GUANTANAMO BAY, CUBA – OCTOBER 28: (EDITORS NOTE: Image has been reviewed by U.S. Military prior to transmission) A group of detainees kneels during an early morning Islamic prayer in their camp at the U.S. military prison for “enemy combatants” on October 28, 2009 in Guantanamo Bay, Cuba. Although U.S. President Barack Obama pledged in his first executive order last January to close the infamous prison within a year’s time, the government has been struggling to try the accused terrorists and to transfer them out ahead of the deadline. Military officials at the prison point to improved living standards and state of the art medical treatment available to detainees, but the facility’s international reputation remains tied to the “enhanced interrogation techniques” such as waterboarding employed under the Bush administration. (Photo by John Moore/Getty Images)
Doctors and psychologists working with the CIA and US Department of Defense participated in torturing suspected terrorists, violating their professional oaths, a report concluded.
A two-year investigation by the Taskforce on Preserving Medical Professionalism in National Security Detention Centers found that medical staff "designed and participated in cruel, inhumane and degrading treatment and torture of detainees."
This included participating in the force-feeding of detainees, which is prohibited by the World Medical Association and the American Medical Association.
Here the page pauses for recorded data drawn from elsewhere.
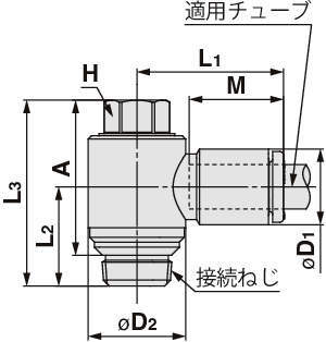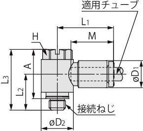 ※エルボユニオン、適用チューブ外径:φ6、接続ねじ:R1/8の場合
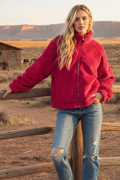 Stay warm and stylish in this plush quilted faux fur jacket. Designed with a high neckline, front zipper closure, and side pockets for functionality, this piece combines luxurious softness with a modern oversized fit. The quilted texture adds a touch of sophistication, making it perfect for layering on chilly days or adding cozy flair to your everyday look.faux fur jacket, quilted jacket, zip-up coat, cozy outerwear, plush jacket, soft fur, oversized fit, winter style, warm zip jacket, casual outerwear, chic cozy jacket, textured coat, fall winter essential
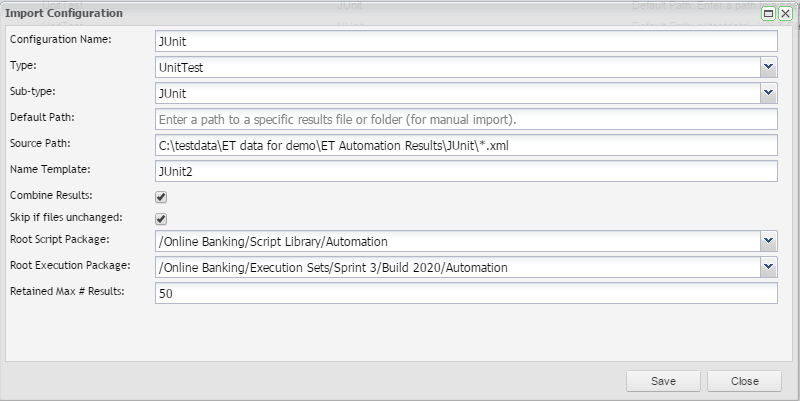 These both behave in the same manor as manually import an automated test result and filling in the "Results Path" field on screen. In addition, zip files are also supported, which effectively works similarly to configuring a folder (with the contents of the zip file treated the same as the contents of the folder).

The doctors and psychologists also broke doctor-patient confidentiality to share medical information about detainees with interrogators, did not report incidents of prisoner abuse, and consulted on ways to make interrogation methods more successful with sensory deprivation and stress positions, the taskforce reported.
Military and intelligence officials told doctors that they were exempt from their ethical code of “first, do no harm” to patients because they were not treating people who were ill.
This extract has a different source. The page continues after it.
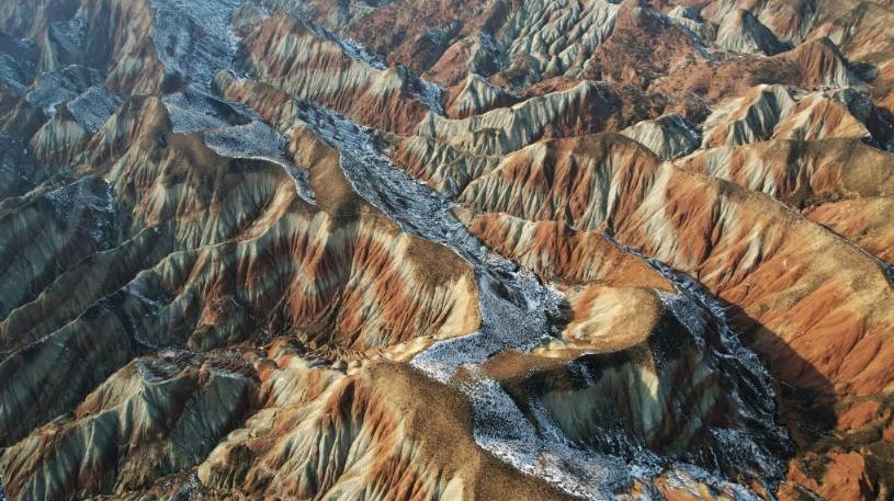 冬日,在甘肃省兰州市永登县树屏镇的兰州水墨丹霞景区,起伏绵延的山体在白雪的映衬下层理交错,更显瑰丽多姿。
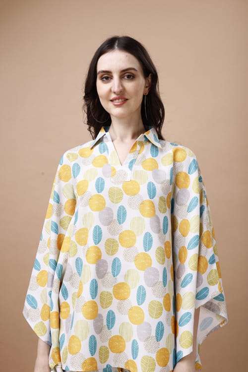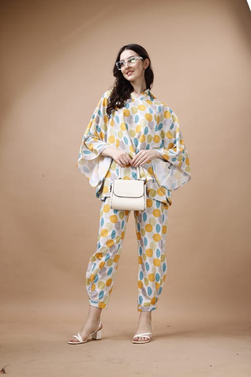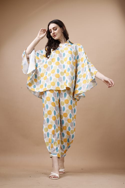 Special designer evening stylish co-ord set for ladies featuring a trendy yellow and blue dot print. Made from soft and comfortable cotton blend fabric with a modern and elegant look — perfect for outings, parties, and casual evenings.

"Putting on a uniform does not and should not abrogate the fundamental principles of medical professionalism," David Rothman, president of the Institute on Medicine as a Profession, the Columbia University-based think tank that supported the study, said. "'Do no harm' and 'put patient interest first' must apply to all physicians regardless of where they practice."
A spokesman for the Department of Defense, Lt. Col. J. Todd Breasseale, called the allegations “wholly absurd.” He added, “the health care providers at the JTF who routinely provide not only better medical care than any of these detainees have ever known, but care on par with the very best of the global medical profession, are consummate professionals working under terrifically stressful conditions, far from home and their families, and with patients who have been extraordinarily violent.”
The review panel claims medical staff continue to violate their ethical code at military detention centers today.